I have seen this scene a few times. I've never been inclined to think "wow, the Seaview is white on the bottom". The movement is fast enough, that it appears that the underside is merely reflecting light. 

And there are enough underwater shots of her underside, that suggest the _intent_ was that she appear the same color all over.

I am not trashing anyone's models, period. Shoot, I painted my best-effort Aurora Seaview a blue-green, because that's how she looked underwater! 

I have a related question: what real submarines have been painted white, on their lower hulls? 



John P said:


> And the original TV Enterprise was concrete gray overall, no metallic...


It's been a while, since I read about this. The point is, the ship consistently looks white on TV. If they had _wanted_ her to look grey, they certainly had the smarts, to pull it off.


----------



## John P (Sep 1, 1999)

Really? 'Cause I never thoguht it looked white on TV - medium gray-blue, maybe.
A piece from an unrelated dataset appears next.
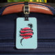 Cool dragon luggage tag with a digital illustration of a monster - chimera between a dragon and a snake with spikes all over its body curled around a red ball.

here's some underwater shots of the Seaview from the pilot movie, with it's definitely-white belly:
http://inpayne.com/seaview/seaviewpics.html
(Scroll down)


----------



## Brent Gair (Jun 26, 1999)

John beat me to it but for those of you too impatient to load JP's page, here's the condensed version of my own screen grabs (and, no matter how you rationalize it, the Seaview is painted white on the underside):


----------



## bert model maker (Feb 19, 2002)

thats how i plan on painting mine


----------



## toyroy (Jul 17, 2005)

Brent Gair said:


> John beat me to it but for those of you too impatient to load JP's page, here's the condensed version of my own screen grabs (and, no matter how you rationalize it, the Seaview is painted white on the underside)...


No, the Seaview PROP is painted white, on the underside. No matter how YOU rationalize it, there is a difference between what is used to create the illusion, and the subject of the intended illusion seen on screen. 

Individual frames will reveal the sleight-of-hand used in motion pictures. To me, the intent of the filmmaker is seen only at 24 fps.

Evidently, some of you want your models to look the same as the props. I want my models to look like the full-size subjects they represent on screen.


----------



## Dave Hussey (Nov 20, 1998)

I subscribe to the "paint the model like it appears on the screen, don't paint it like the prop" theory.

But I painted my Seaview white on the bottom because that is the way it always looked to me on TV.

Huzz


----------



## toyroy (Jul 17, 2005)

What color is the model in Nelson's office?


----------



## John P (Sep 1, 1999)

toyroy said:


> No, the Seaview PROP is painted white, on the underside. No matter how YOU rationalize it, there is a difference between what is used to create the illusion, and the subject of the intended illusion seen on screen.
> 
> Individual frames will reveal the sleight-of-hand used in motion pictures. To me, the intent of the filmmaker is seen only at 24 fps.
> 
> Evidently, some of you want your models to look the same as the props. I want my models to look like the full-size subjects they represent on screen.


 Oh good lord ... :freak:


----------



## Y3a (Jan 18, 2001)

toyroy said:


> No, the Seaview PROP is painted white, on the underside. No matter how YOU rationalize it, there is a difference between what is used to create the illusion, and the subject of the intended illusion seen on screen.
> 
> Individual frames will reveal the sleight-of-hand used in motion pictures. To me, the intent of the filmmaker is seen only at 24 fps.
> 
> Evidently, some of you want your models to look the same as the props. I want my models to look like the full-size subjects they represent on screen.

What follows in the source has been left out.